In the webinar, The Adventures of Multilingual Investigations, Ben Rusch, Vice President of Review Solutions here at Consilio, speaks on multilingual investigations increasing in importance as globalization, international e-commerce and technological advancements continue to expand. Whether it be emails, instant messaging or social media, technology has allowed companies to uncover evidence like they have never been able to before.
One of the biggest questions our presenter is asked is, “Why don’t we just use technology?” “We do use analytics,” responds Rusch, “but multilingual work is typically so complex that you need to bring human expertise to bear as well as technology in order to yield the best results.” Integrating sophisticated technology and smart decision making at the human level is the challenge for sophisticated eDiscovery processes, like Consilio Complete. Investigations can be complex and complicated so it is important to highlight the best practices for success:
Language detection technology is inaccurate
Imagine conducting a multilingual investigation and receiving a hard drive with 100,000 documents in various languages.
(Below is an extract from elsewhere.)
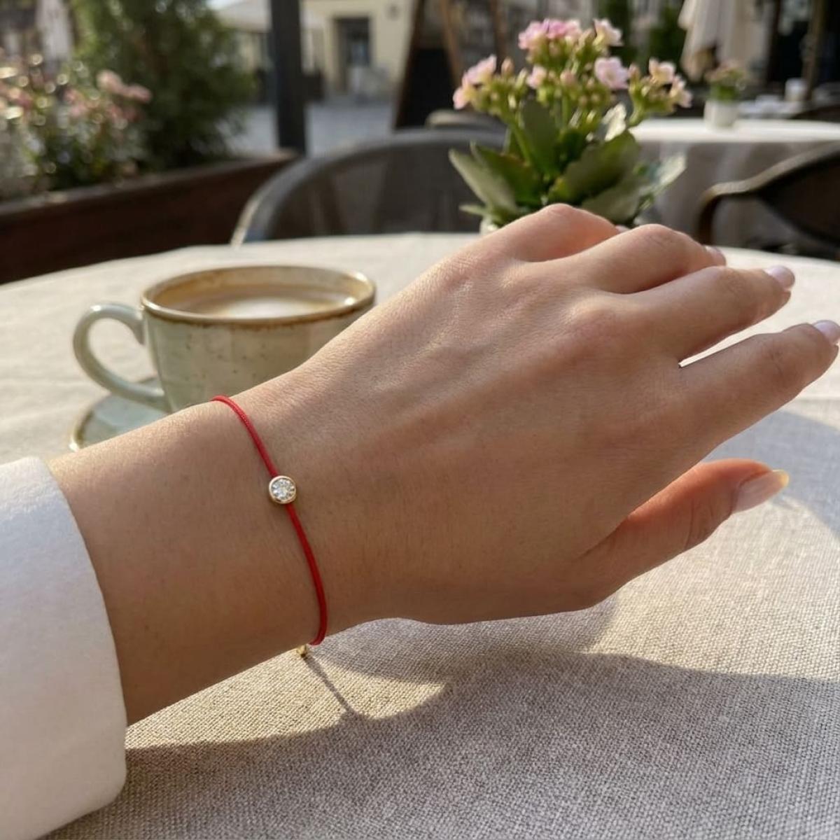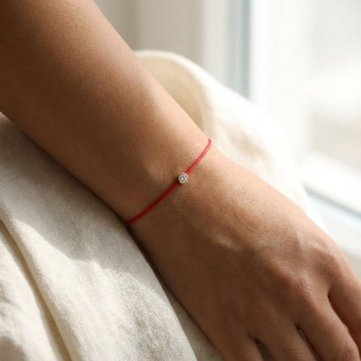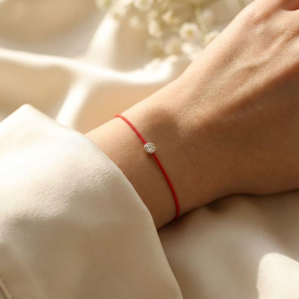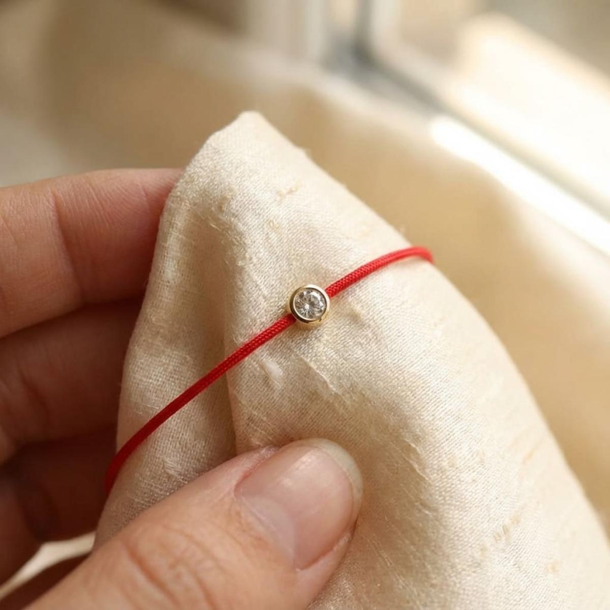 Гривна с червен конец и диамант

The instant messages and emails are then scanned and the results reveal an overwhelming number of inconsistent languages. Unfortunately, these results are not atypical as language detection technology often produces incorrect data. One solution is to run Optical Character Recognition (OCR) to differentiate character scripts like Thai from Japanese. These unexpected complexities do not mean investigations cannot continue, but rather that it requires highly experienced individuals to formulate a new strategy.
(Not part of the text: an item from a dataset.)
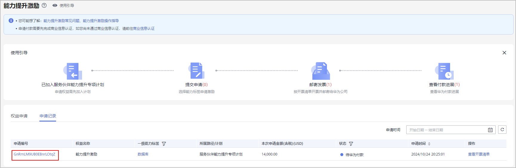 伙伴向华为公司邮寄发票后,可在伙伴中心查看华为付款进展。

Refine keyword searches to include abbreviations and synonyms
Any concept can be expressed in different ways in the data we search. That is why one of the things we do intuitively when searching for relevant information is to add some very common synonyms, not only looking for the concept “Department of Justice” but also for its abbreviation “DOJ” in a given dataset, to give an example. One might even look for the search term “regulator” where the context of the email suggests that the Department of Justice is what is meant when someone writes “regulator” in an email. The same process of including abbreviations and synonyms is at play when transposing search terms into another language. We do not merely translate the terms 1:1 to find the closest equivalent. Rather, we analyze the concepts in the original search and transpose them into the target language, including common abbreviations and synonyms
English has an extremely simple way to inflect nouns and verbs. As an example, the plural of nouns is normally achieved by adding an -s, and the past tense stem of the verb “bribed” is the same whether I bribed or you bribed or they bribed. And we do not want to miss out on relevant information just because someone paid bribes in the plural rather than just a single bribe. English grammar is so simple that stemming searches can capture virtually all grammatical inflections of English nouns and verbs. The grammatical inflections of most other languages, however, are significantly more complex. Making sure that all likely grammatical inflections of the terms in the target language have been included in the search is an important step.
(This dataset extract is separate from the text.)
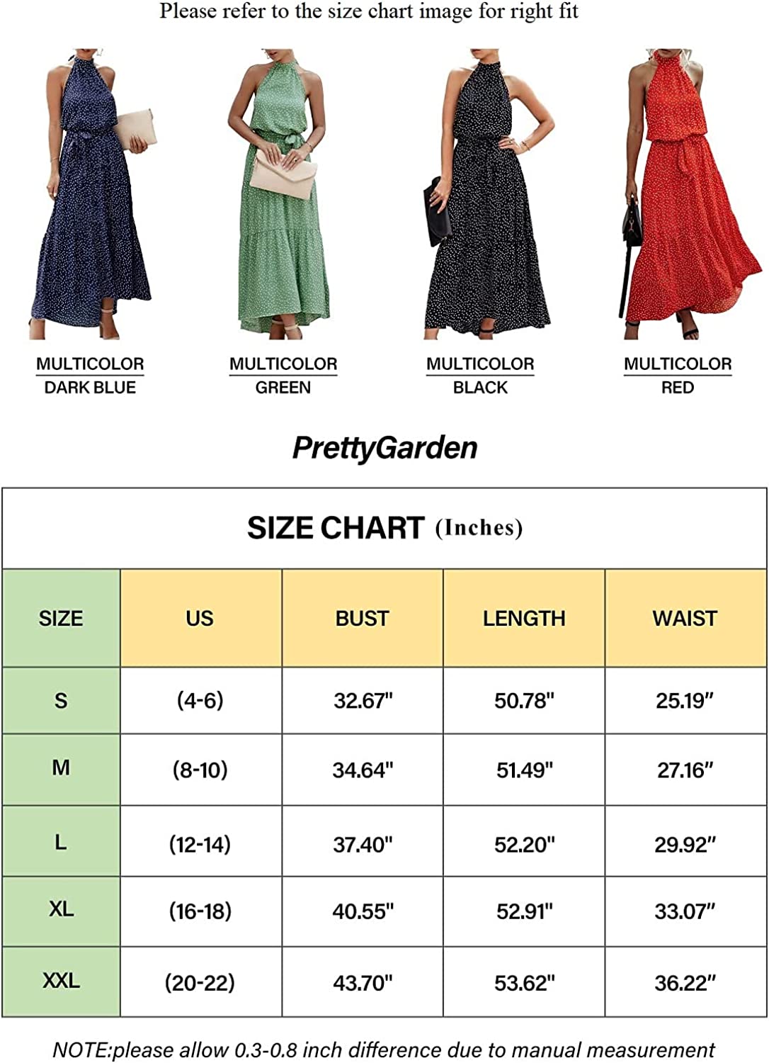 Women's Casual Halter Neck Sleeveless Floral Long Maxi Dress Backless Loose Ruffle Sundress with Belt

The challenge of tokenization
Searching keywords in English involves identifying words separated by spaces. Searching for the term “bee” will not return the word “beer” on the basis that it contains the same string of letters. By contrast, scripts such as the Chinese, Japanese, Korean and Thai scripts do not need separate words (technically, morphemes) with spaces in order to make sense. This presents challenges when running searches because segments of the target term might spell a different word.
Multilingual investigations are complex. To avoid costly mistakes, quality eDiscovery processes, like Consilio Complete, ensure speed, accuracy and overall efficiency through its streamlined capabilities. Ultimately, from machine learning and analytics to skilled multilingual consultants and strong project management, it comes down to finding the right balance between technology and human intervention.